Re: [Qemu-devel] Live migration without bdrv_drain_all()

Felipe Franciosi Wed, 28 Sep 2016 03:35:59 -0700

> On 28 Sep 2016, at 10:03, Juan Quintela <quint...@redhat.com> wrote:
> 
> "Dr. David Alan Gilbert" <dgilb...@redhat.com> wrote:
>> * Stefan Hajnoczi (stefa...@gmail.com) wrote:
>>> On Mon, Aug 29, 2016 at 06:56:42PM +0000, Felipe Franciosi wrote:
>>>> Heya!
>>>> 
>>>>> On 29 Aug 2016, at 08:06, Stefan Hajnoczi <stefa...@gmail.com> wrote:
>>>>> 
>>>>> At KVM Forum an interesting idea was proposed to avoid
>>>>> bdrv_drain_all() during live migration.  Mike Cui and Felipe Franciosi
>>>>> mentioned running at queue depth 1.  It needs more thought to make it
>>>>> workable but I want to capture it here for discussion and to archive
>>>>> it.
>>>>> 
>>>>> bdrv_drain_all() is synchronous and can cause VM downtime if I/O
>>>>> requests hang.  We should find a better way of quiescing I/O that is
>>>>> not synchronous.  Up until now I thought we should simply add a
>>>>> timeout to bdrv_drain_all() so it can at least fail (and live
>>>>> migration would fail) if I/O is stuck instead of hanging the VM.  But
>>>>> the following approach is also interesting...
>>>>> 
>>>>> During the iteration phase of live migration we could limit the queue
>>>>> depth so points with no I/O requests in-flight are identified.  At
>>>>> these points the migration algorithm has the opportunity to move to
>>>>> the next phase without requiring bdrv_drain_all() since no requests
>>>>> are pending.
>>>> 
>>>> I actually think that this "io quiesced state" is highly unlikely
>>>> to _just_ happen on a busy guest.
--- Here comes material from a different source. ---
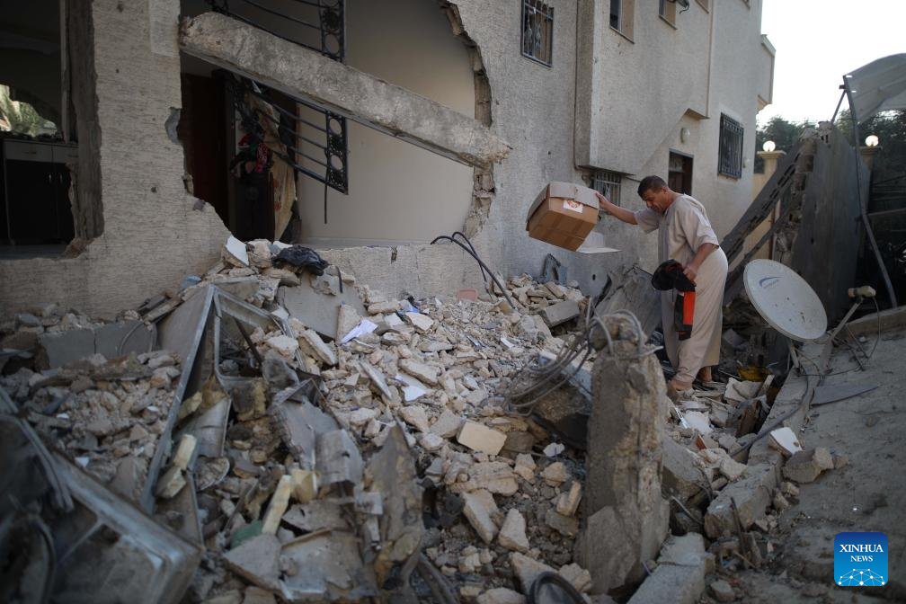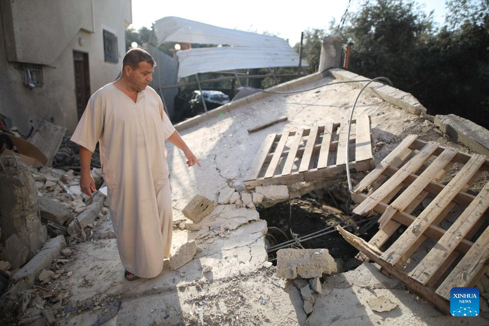 A man checks the damage after an Israeli attack in al-Nuseirat refugee camp, central Gaza Strip, on Oct. 28, 2024. The Palestinian death toll from ongoing Israeli attacks on the Gaza Strip has surpassed 43,000, Gaza-based health authorities said in a statement on Monday. (Photo by Marwan Dawood/Xinhua)

The main idea behind running at
>>>> QD1 is to naturally throttle the guest and make it easier to
>>>> "force quiesce" the VQs.
>>>> 
>>>> In other words, if the guest is busy and we run at QD1, I would
>>>> expect the rings to be quite full of pending (ie. unprocessed)
>>>> requests. At the same time, I would expect that a call to
>>>> bdrv_drain_all() (as part of do_vm_stop()) should complete much
>>>> quicker.
>>>> 
>>>> Nevertheless, you mentioned that this is still problematic as that
>>>> single outstanding IO could block, leaving the VM paused for
>>>> longer.
>>>> 
>>>> My suggestion is therefore that we leave the vCPUs running, but
>>>> stop picking up requests from the VQs. Provided nothing blocks,
>>>> you should reach the "io quiesced state" fairly quickly. If you
>>>> don't, then the VM is at least still running (despite seeing no
>>>> progress on its VQs).
>>>> 
>>>> Thoughts on that?
>>> 
>>> If the guest experiences a hung disk it may enter error recovery.  QEMU
>>> should avoid this so the guest doesn't remount file systems read-only.
>>> 
>>> This can be solved by only quiescing the disk for, say, 30 seconds at a
>>> time.  If we don't reach a point where live migration can proceed during
>>> those 30 seconds then the disk will service requests again temporarily
>>> to avoid upsetting the guest.
>>> 
>>> I wonder if Juan or David have any thoughts from the live migration
>>> perspective?
>> 
>> Throttling IO to reduce the time in the final drain makes sense
>> to me, however:
>>   a) It doesn't solve the problem if the IO device dies at just the wrong 
>> time,
>>      so you can still get that hang in bdrv_drain_all
>> 
>>   b) Completely stopping guest IO sounds too drastic to me unless you can
>>      time it to be just at the point before the end of migration; that feels
>>      tricky to get right unless you can somehow tie it to an estimate of
>>      remaining dirty RAM (that never works that well).
>> 
>>   c) Something like a 30 second pause still feels too long; if that was
>>      a big hairy database workload it would effectively be 30 seconds
>>      of downtime.
>> 
>> Dave
> 
> I think something like the proposed thing could work.
> 
> We can put queue depth = 1 or somesuch when we know we are near
> completion for migration.  What we need them is a way to call the
> equivalent of:
> 
> bdrv_drain_all() to return EAGAIN or EBUSY if it is a bad moment.  In
> that case, we just do another round over the whole memory, or retry in X
> seconds.  Anything is good for us, we just need a way to ask for the
> operation but that it don't block.
> 
> Notice that migration is the equivalent of:
> 
> while (true) {
>     write_some_dirty_pages();
>     if (dirty_pages < threshold) {
>        break;
>     }
> }
> bdrv_drain_all();
> write_rest_of_dirty_pages();
> 
> (Lots and lots of details ommited)
> 
> What we really want is to issue the call of bdrv_drain_all() equivalent
> inside the while, so, if there is any problem, we just do another cycle,
> no problem.
> 
> Later, Juan.


Hi,

Actually, the way I perceive the problem is that Qemu is doing a vm_stop() 
*after* the "break;" in the pseudocode above (but *before* the drain). That 
means the VM could be stopped for a long time while you're doing 
bdrv_drain_all().

I don't see a magic solution for this. All we can do is try and find a way of 
doing this that improves the VM experience during the migration.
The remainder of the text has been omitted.